--- WORK INSTRUCTION ---
From the line that contains "사용할 수 있습니다." through the last line of the data, copy everything exactly and nothing else, omitting the pictures.

--- DATASET SECTION Enclosed Below ---

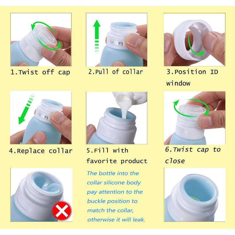 2.Do not fully fill your silicone squeeze bottles to avoid leakage on pressured airplanes. Just fill it with the 3/4 total volume is enough
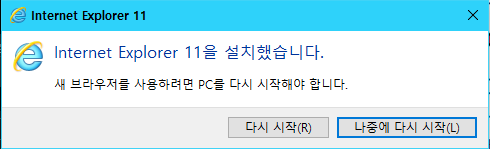 ▲ Internet Explorer 11 설치가 완료되면 컴퓨터를 재부팅 후 새롭게 적용된 버전의 인터넷 익스플로러 11을 사용할 수 있습니다.
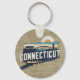 Round keychain features a scenic retro styled state silhouette of Connecticut on faux tan burlap background. Personalise with name or message on back.

--- End of Enclosed DATASET SECTION ---

--- ANSWER SPACE ---
 ▲ Internet Explorer 11 설치가 완료되면 컴퓨터를 재부팅 후 새롭게 적용된 버전의 인터넷 익스플로러 11을 사용할 수 있습니다.
 Round keychain features a scenic retro styled state silhouette of Connecticut on faux tan burlap background. Personalise with name or message on back.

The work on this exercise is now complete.